** Brief **
Starting at the line with "Rustic wall decor", return every line through the final one of the data, word for word. Pictures stay out.

[Given material — start]

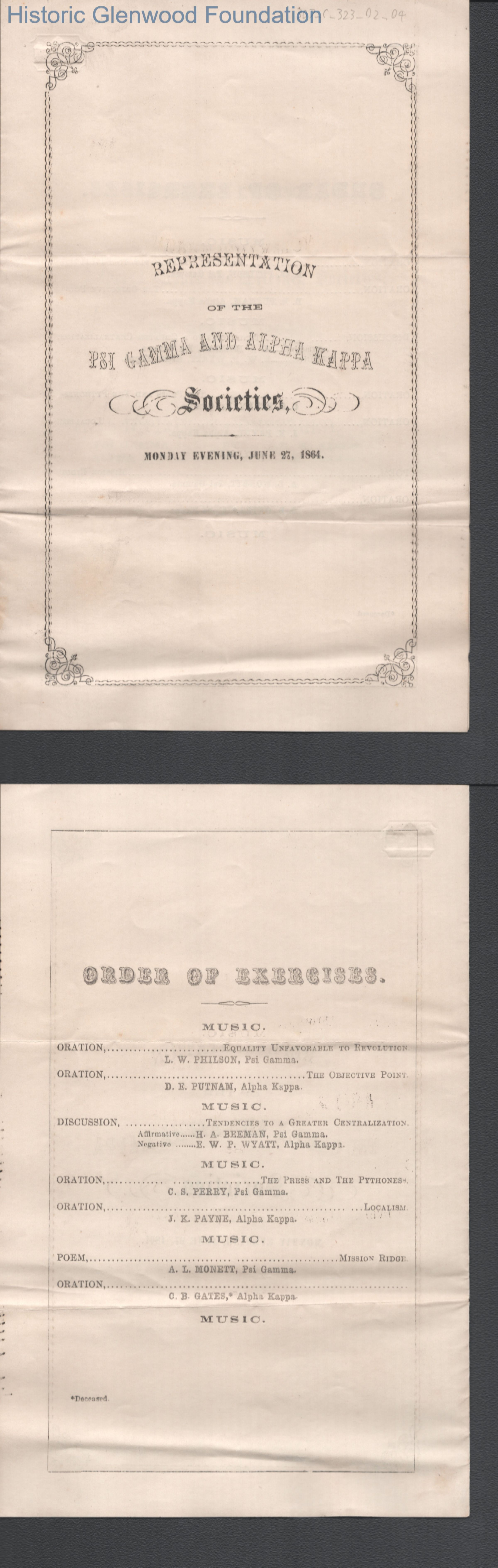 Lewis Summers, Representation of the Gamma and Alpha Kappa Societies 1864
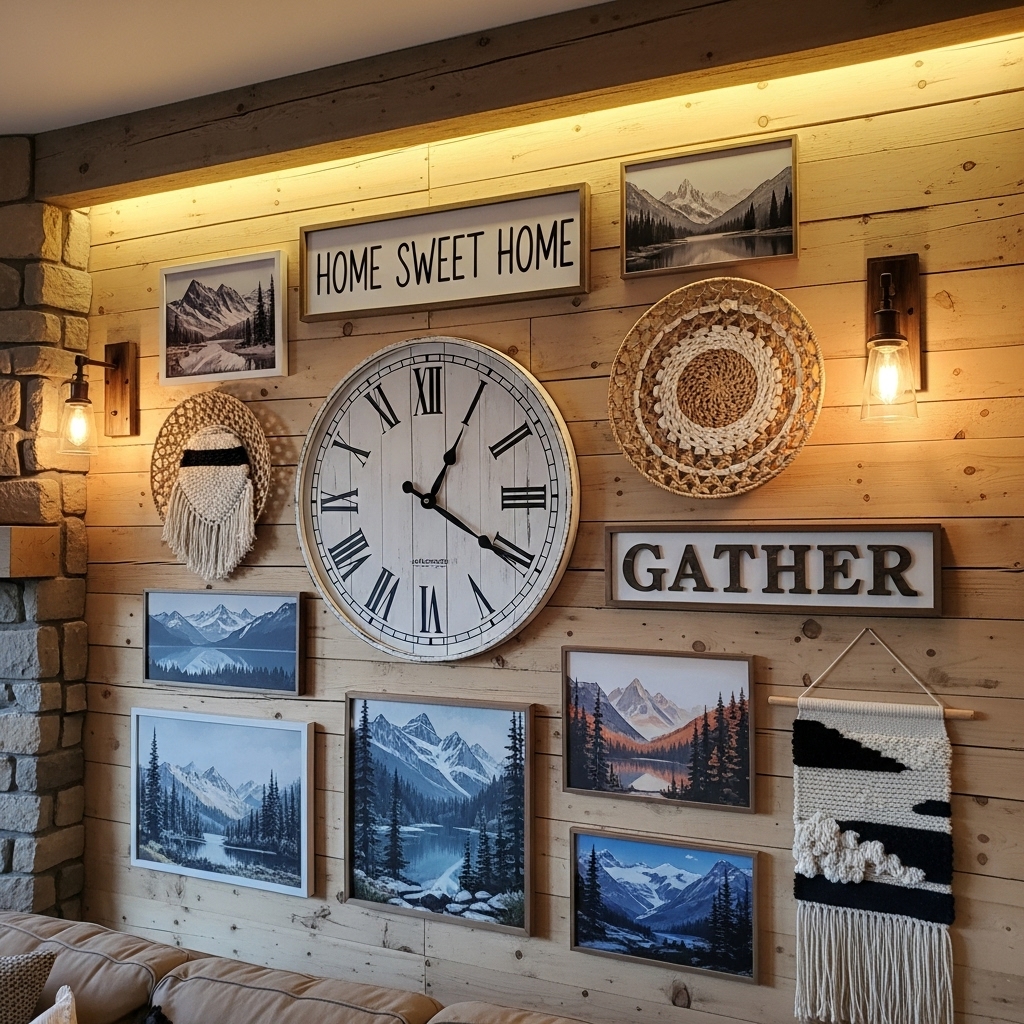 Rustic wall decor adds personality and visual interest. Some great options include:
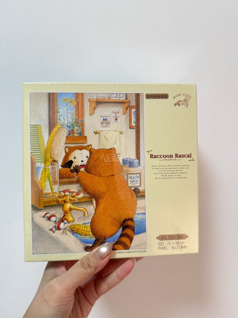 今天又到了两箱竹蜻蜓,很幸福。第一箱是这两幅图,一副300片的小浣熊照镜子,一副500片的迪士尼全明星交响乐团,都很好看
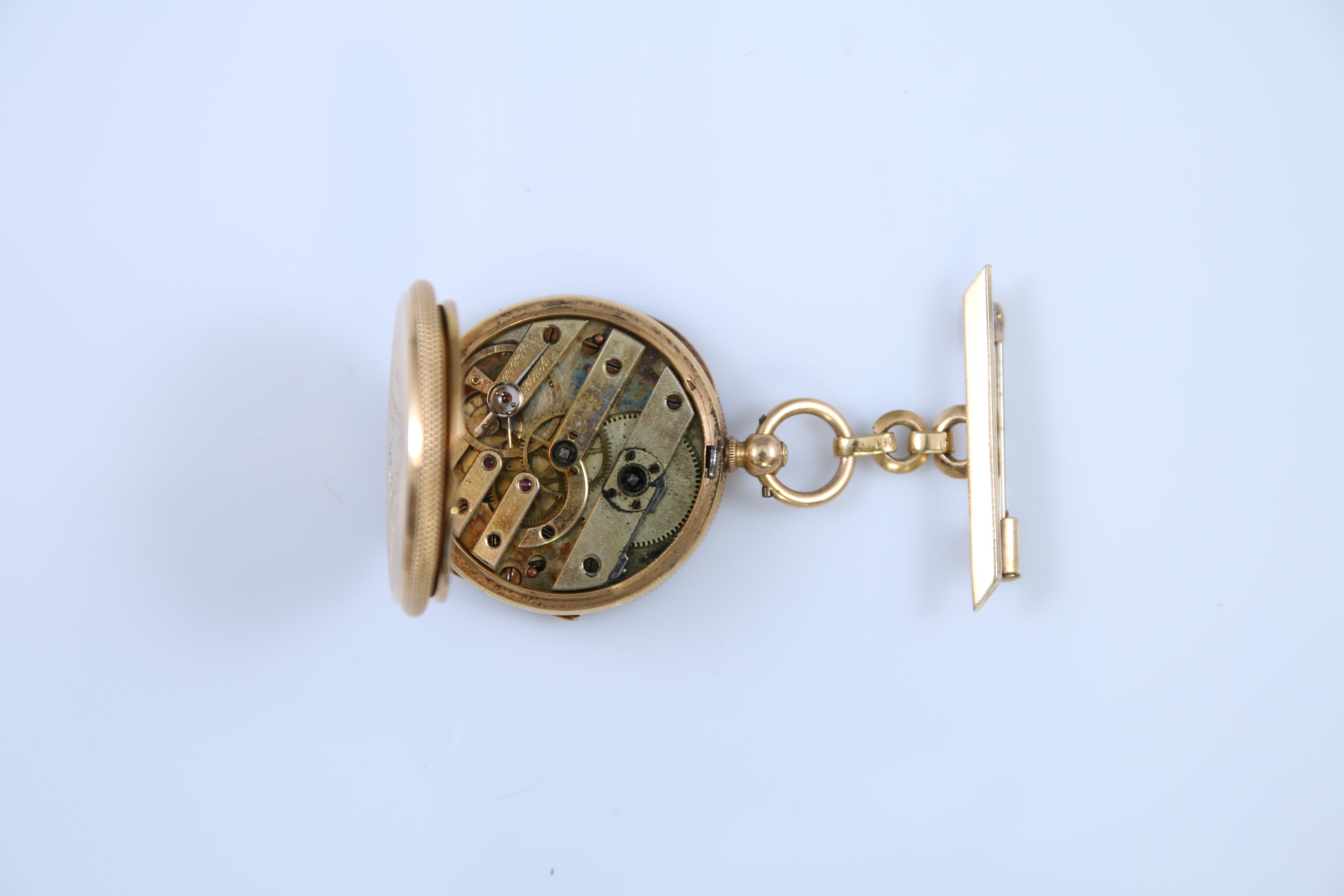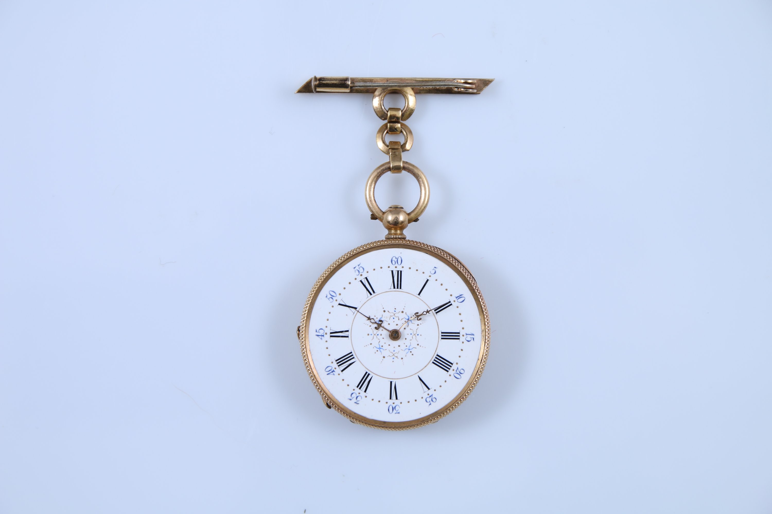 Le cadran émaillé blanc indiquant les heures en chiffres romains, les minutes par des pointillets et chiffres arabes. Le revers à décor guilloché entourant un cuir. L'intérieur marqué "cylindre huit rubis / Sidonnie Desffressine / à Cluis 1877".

[Given material — finish]

** Your response **
 Rustic wall decor adds personality and visual interest. Some great options include:
 今天又到了两箱竹蜻蜓,很幸福。第一箱是这两幅图,一副300片的小浣熊照镜子,一副500片的迪士尼全明星交响乐团,都很好看
 Le cadran émaillé blanc indiquant les heures en chiffres romains, les minutes par des pointillets et chiffres arabes. Le revers à décor guilloché entourant un cuir. L'intérieur marqué "cylindre huit rubis / Sidonnie Desffressine / à Cluis 1877".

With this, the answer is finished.